The new mechanisms of creativity, as articulated in other countries, are already operating in Mexico. In some instances, they are even at the avant-garde of the economic reorganization of art, as exemplified by the Jumex Collection, which gathers works from renowned international artists and is already a model for collectors in Argentina. The Jumex Collection might also be seen as an influence on French tycoon François Pinault for his "excentric" museum, to be open in the former Renault factories on the outskirts of Paris. The slide is obvious if we think that commercial art galleries are now appropriating the "freed territory" that until recently was dominated by alternative and independent spaces.

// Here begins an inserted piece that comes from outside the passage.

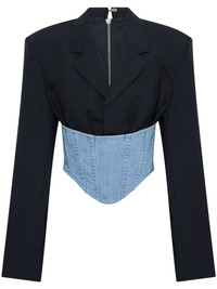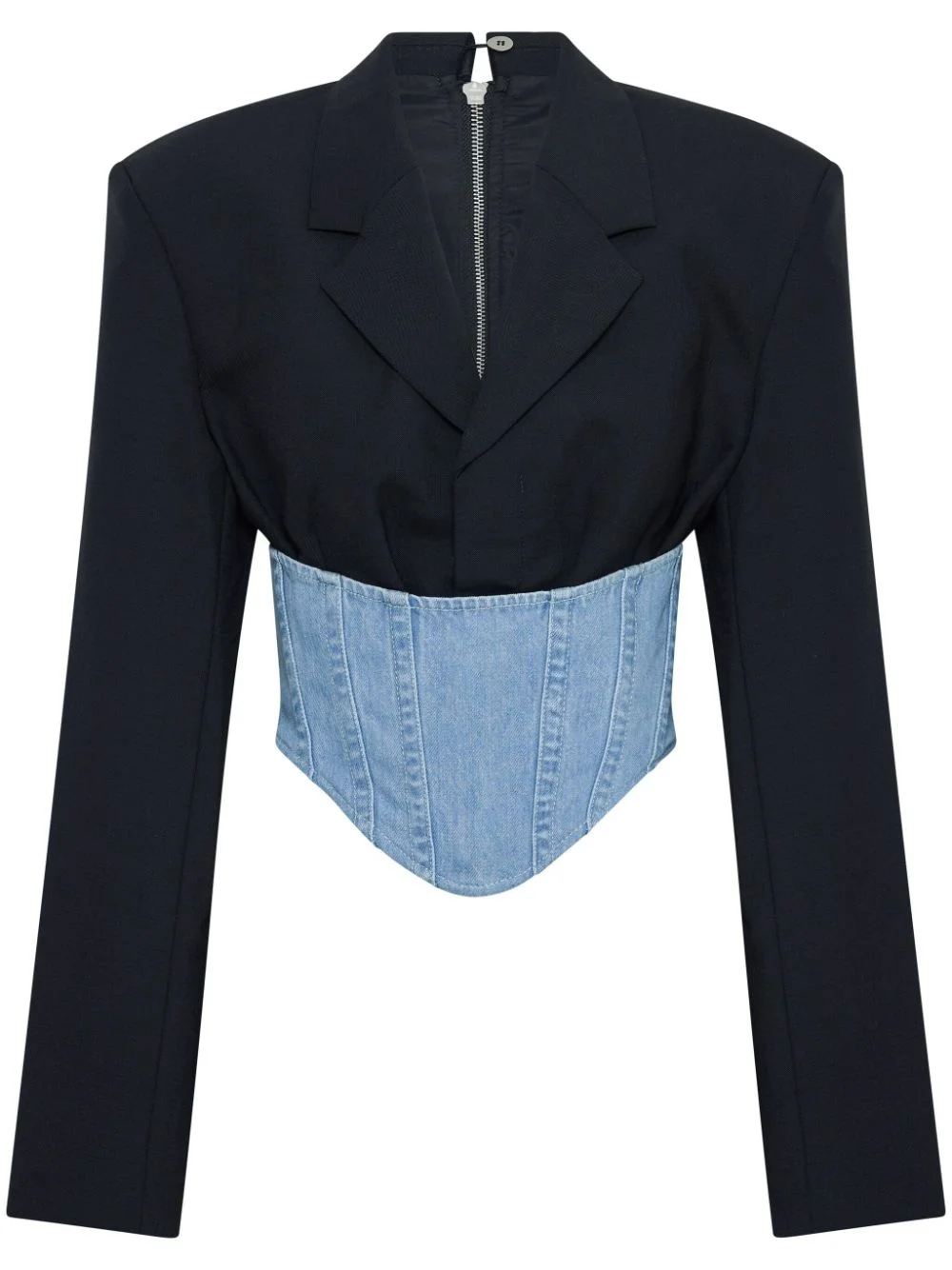 cropped corset-style blazer Highlights - Black - Cotton-wool blend - Corset style - Rear zip fastening - Peak lapels - Long sleeves - Cropped - Asymmetric hem Imported Composition Wool 100%, Cotton 100% Washing instructions Dry Clean Only

Art & Idea, for example, a fickle initiative in the mid-1990s by Hadée Rovirosa that followed the radical experiences of the group of artists that had gathered at Temí­stocles 44, found a permanent home in a new building by the architect Enrique Norten, who was deliberately inspired by Rem Koolhaas's architectural "transparencies."

Five or six years ago, curators, critics, and museum directors arriving to the country went straight to the editors of Poliester magazine, Curare or Corpus Callosum, Guillermo Santamarina's independent art center in Guadalajara. Now they run to Enrique Guerrero (the gallery that was able to stay ahead of the tide) or to the small dealer of contemporary pieces, Kurimanzutto, that also pretends to operate as a "virtual gallery" without a fixed location, moving to the rhythm of "duty-free capitalism." In some instances, galleries represent a changing of the guard, and they have institutionalized the needs for the transfer between the local and the global that were once the domain of independent spaces. There have been some cases where some have requested official grants (which besides offering money, also represent guarantees of seriousness and validation) to operate in the international arena.

Today, Mexican art-its world and its artists-clearly operates at the intersection of the global and the local. Marking the entry of Mexico into the discourse on globalization as it has been interpreted in the visual arts, this intersection motivates the selections of curator Betti-Sue Hertz and this exhibition's title: Axis Mexico.

It is within this context that the phenomenon of the displaced artist becomes more relevant, as malleable raw material or as social worker of the "artistic condition," the recent works of Francis Alÿs, Minerva Cuevas and, especially, Santiago Sierra are brutally reinserting Mexican art into the international arena.